■ THE PROBLEM
Copy out the data that comes next, character for character, and leave the images aside.

━━━ MATERIAL PROVIDED ━━━

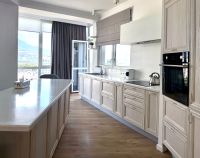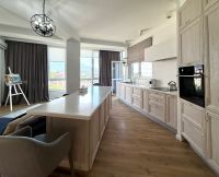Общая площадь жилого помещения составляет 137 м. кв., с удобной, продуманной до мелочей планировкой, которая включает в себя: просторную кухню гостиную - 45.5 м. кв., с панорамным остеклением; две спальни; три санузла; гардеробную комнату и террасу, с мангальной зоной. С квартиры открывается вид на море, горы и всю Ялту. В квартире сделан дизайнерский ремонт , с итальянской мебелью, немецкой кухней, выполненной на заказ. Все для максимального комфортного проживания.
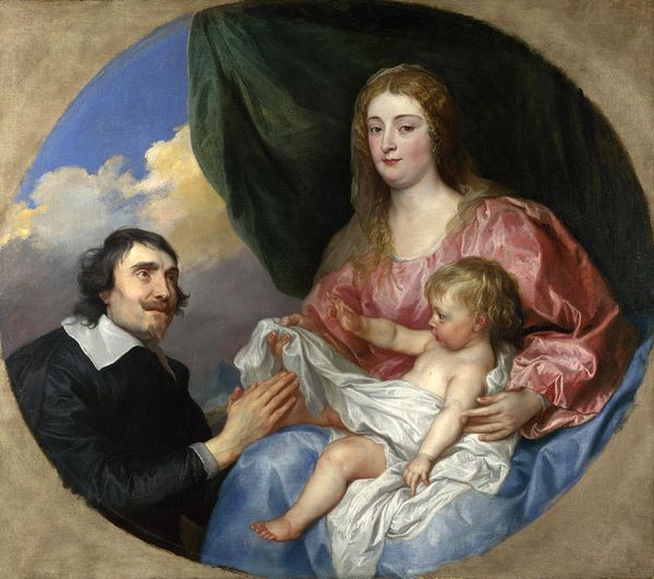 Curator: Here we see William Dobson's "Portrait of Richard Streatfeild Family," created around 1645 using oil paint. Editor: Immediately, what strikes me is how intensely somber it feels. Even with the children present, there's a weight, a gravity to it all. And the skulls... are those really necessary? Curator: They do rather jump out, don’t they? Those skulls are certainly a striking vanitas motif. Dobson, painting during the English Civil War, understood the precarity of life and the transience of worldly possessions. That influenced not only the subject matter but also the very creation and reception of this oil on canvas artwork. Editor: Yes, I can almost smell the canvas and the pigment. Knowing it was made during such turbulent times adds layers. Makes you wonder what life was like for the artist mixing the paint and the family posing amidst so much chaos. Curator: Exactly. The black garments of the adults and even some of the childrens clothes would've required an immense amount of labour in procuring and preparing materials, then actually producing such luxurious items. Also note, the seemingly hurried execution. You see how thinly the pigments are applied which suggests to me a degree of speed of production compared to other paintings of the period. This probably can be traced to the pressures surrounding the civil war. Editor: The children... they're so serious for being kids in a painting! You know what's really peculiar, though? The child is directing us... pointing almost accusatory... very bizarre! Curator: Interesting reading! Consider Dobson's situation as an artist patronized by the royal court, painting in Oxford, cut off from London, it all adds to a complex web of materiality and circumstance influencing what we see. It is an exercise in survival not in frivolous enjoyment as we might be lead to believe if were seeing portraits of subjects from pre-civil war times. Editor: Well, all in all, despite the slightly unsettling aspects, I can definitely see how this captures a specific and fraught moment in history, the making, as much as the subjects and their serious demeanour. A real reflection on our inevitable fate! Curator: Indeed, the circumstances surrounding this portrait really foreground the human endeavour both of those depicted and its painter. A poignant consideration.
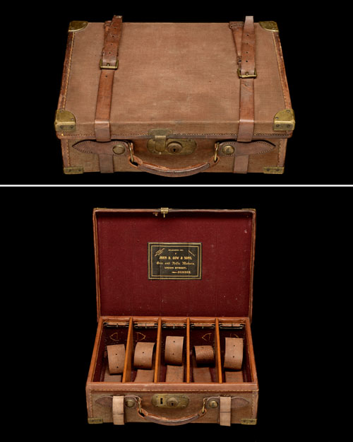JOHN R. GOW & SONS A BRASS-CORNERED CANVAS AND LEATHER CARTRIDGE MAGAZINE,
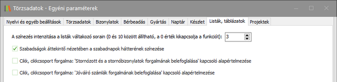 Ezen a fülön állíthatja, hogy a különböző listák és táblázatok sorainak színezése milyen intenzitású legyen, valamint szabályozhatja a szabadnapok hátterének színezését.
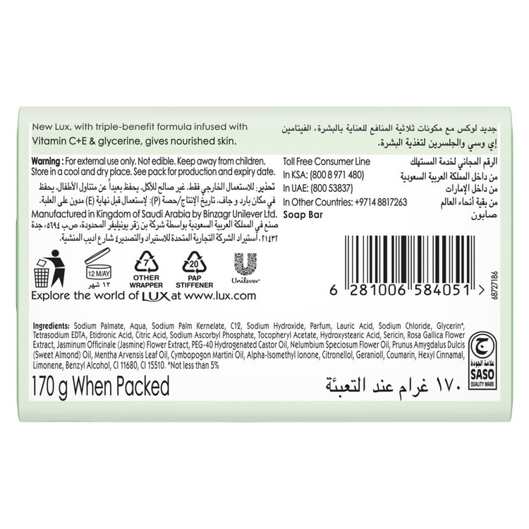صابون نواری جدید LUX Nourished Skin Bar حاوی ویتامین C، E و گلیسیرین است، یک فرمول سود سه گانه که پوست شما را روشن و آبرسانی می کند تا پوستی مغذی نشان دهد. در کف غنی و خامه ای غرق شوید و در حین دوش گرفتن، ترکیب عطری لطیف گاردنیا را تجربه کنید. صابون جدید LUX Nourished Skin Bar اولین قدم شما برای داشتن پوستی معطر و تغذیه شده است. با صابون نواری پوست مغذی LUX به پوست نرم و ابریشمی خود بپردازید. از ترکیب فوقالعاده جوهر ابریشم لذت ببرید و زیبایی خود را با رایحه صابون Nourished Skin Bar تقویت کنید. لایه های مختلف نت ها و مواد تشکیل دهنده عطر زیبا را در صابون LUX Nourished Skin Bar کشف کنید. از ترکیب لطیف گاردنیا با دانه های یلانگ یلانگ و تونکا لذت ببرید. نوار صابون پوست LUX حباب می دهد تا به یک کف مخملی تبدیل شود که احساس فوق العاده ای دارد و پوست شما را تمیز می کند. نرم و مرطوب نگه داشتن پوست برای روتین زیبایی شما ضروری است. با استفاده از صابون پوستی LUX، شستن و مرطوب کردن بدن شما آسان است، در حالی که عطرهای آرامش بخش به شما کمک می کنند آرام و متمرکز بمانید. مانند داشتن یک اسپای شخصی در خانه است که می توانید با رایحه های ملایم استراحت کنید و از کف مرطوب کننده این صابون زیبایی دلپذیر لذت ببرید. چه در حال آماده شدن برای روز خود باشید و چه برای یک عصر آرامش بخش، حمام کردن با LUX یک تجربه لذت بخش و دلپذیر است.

━━━

■ EXERCISE SOLUTION
Общая площадь жилого помещения составляет 137 м. кв., с удобной, продуманной до мелочей планировкой, которая включает в себя: просторную кухню гостиную - 45.5 м. кв., с панорамным остеклением; две спальни; три санузла; гардеробную комнату и террасу, с мангальной зоной. С квартиры открывается вид на море, горы и всю Ялту. В квартире сделан дизайнерский ремонт , с итальянской мебелью, немецкой кухней, выполненной на заказ. Все для максимального комфортного проживания.
 Curator: Here we see William Dobson's "Portrait of Richard Streatfeild Family," created around 1645 using oil paint. Editor: Immediately, what strikes me is how intensely somber it feels. Even with the children present, there's a weight, a gravity to it all. And the skulls... are those really necessary? Curator: They do rather jump out, don’t they? Those skulls are certainly a striking vanitas motif. Dobson, painting during the English Civil War, understood the precarity of life and the transience of worldly possessions. That influenced not only the subject matter but also the very creation and reception of this oil on canvas artwork. Editor: Yes, I can almost smell the canvas and the pigment. Knowing it was made during such turbulent times adds layers. Makes you wonder what life was like for the artist mixing the paint and the family posing amidst so much chaos. Curator: Exactly. The black garments of the adults and even some of the childrens clothes would've required an immense amount of labour in procuring and preparing materials, then actually producing such luxurious items. Also note, the seemingly hurried execution. You see how thinly the pigments are applied which suggests to me a degree of speed of production compared to other paintings of the period. This probably can be traced to the pressures surrounding the civil war. Editor: The children... they're so serious for being kids in a painting! You know what's really peculiar, though? The child is directing us... pointing almost accusatory... very bizarre! Curator: Interesting reading! Consider Dobson's situation as an artist patronized by the royal court, painting in Oxford, cut off from London, it all adds to a complex web of materiality and circumstance influencing what we see. It is an exercise in survival not in frivolous enjoyment as we might be lead to believe if were seeing portraits of subjects from pre-civil war times. Editor: Well, all in all, despite the slightly unsettling aspects, I can definitely see how this captures a specific and fraught moment in history, the making, as much as the subjects and their serious demeanour. A real reflection on our inevitable fate! Curator: Indeed, the circumstances surrounding this portrait really foreground the human endeavour both of those depicted and its painter. A poignant consideration.
JOHN R. GOW & SONS A BRASS-CORNERED CANVAS AND LEATHER CARTRIDGE MAGAZINE,
 Ezen a fülön állíthatja, hogy a különböző listák és táblázatok sorainak színezése milyen intenzitású legyen, valamint szabályozhatja a szabadnapok hátterének színezését.
صابون نواری جدید LUX Nourished Skin Bar حاوی ویتامین C، E و گلیسیرین است، یک فرمول سود سه گانه که پوست شما را روشن و آبرسانی می کند تا پوستی مغذی نشان دهد. در کف غنی و خامه ای غرق شوید و در حین دوش گرفتن، ترکیب عطری لطیف گاردنیا را تجربه کنید. صابون جدید LUX Nourished Skin Bar اولین قدم شما برای داشتن پوستی معطر و تغذیه شده است. با صابون نواری پوست مغذی LUX به پوست نرم و ابریشمی خود بپردازید. از ترکیب فوقالعاده جوهر ابریشم لذت ببرید و زیبایی خود را با رایحه صابون Nourished Skin Bar تقویت کنید. لایه های مختلف نت ها و مواد تشکیل دهنده عطر زیبا را در صابون LUX Nourished Skin Bar کشف کنید. از ترکیب لطیف گاردنیا با دانه های یلانگ یلانگ و تونکا لذت ببرید. نوار صابون پوست LUX حباب می دهد تا به یک کف مخملی تبدیل شود که احساس فوق العاده ای دارد و پوست شما را تمیز می کند. نرم و مرطوب نگه داشتن پوست برای روتین زیبایی شما ضروری است. با استفاده از صابون پوستی LUX، شستن و مرطوب کردن بدن شما آسان است، در حالی که عطرهای آرامش بخش به شما کمک می کنند آرام و متمرکز بمانید. مانند داشتن یک اسپای شخصی در خانه است که می توانید با رایحه های ملایم استراحت کنید و از کف مرطوب کننده این صابون زیبایی دلپذیر لذت ببرید. چه در حال آماده شدن برای روز خود باشید و چه برای یک عصر آرامش بخش، حمام کردن با LUX یک تجربه لذت بخش و دلپذیر است.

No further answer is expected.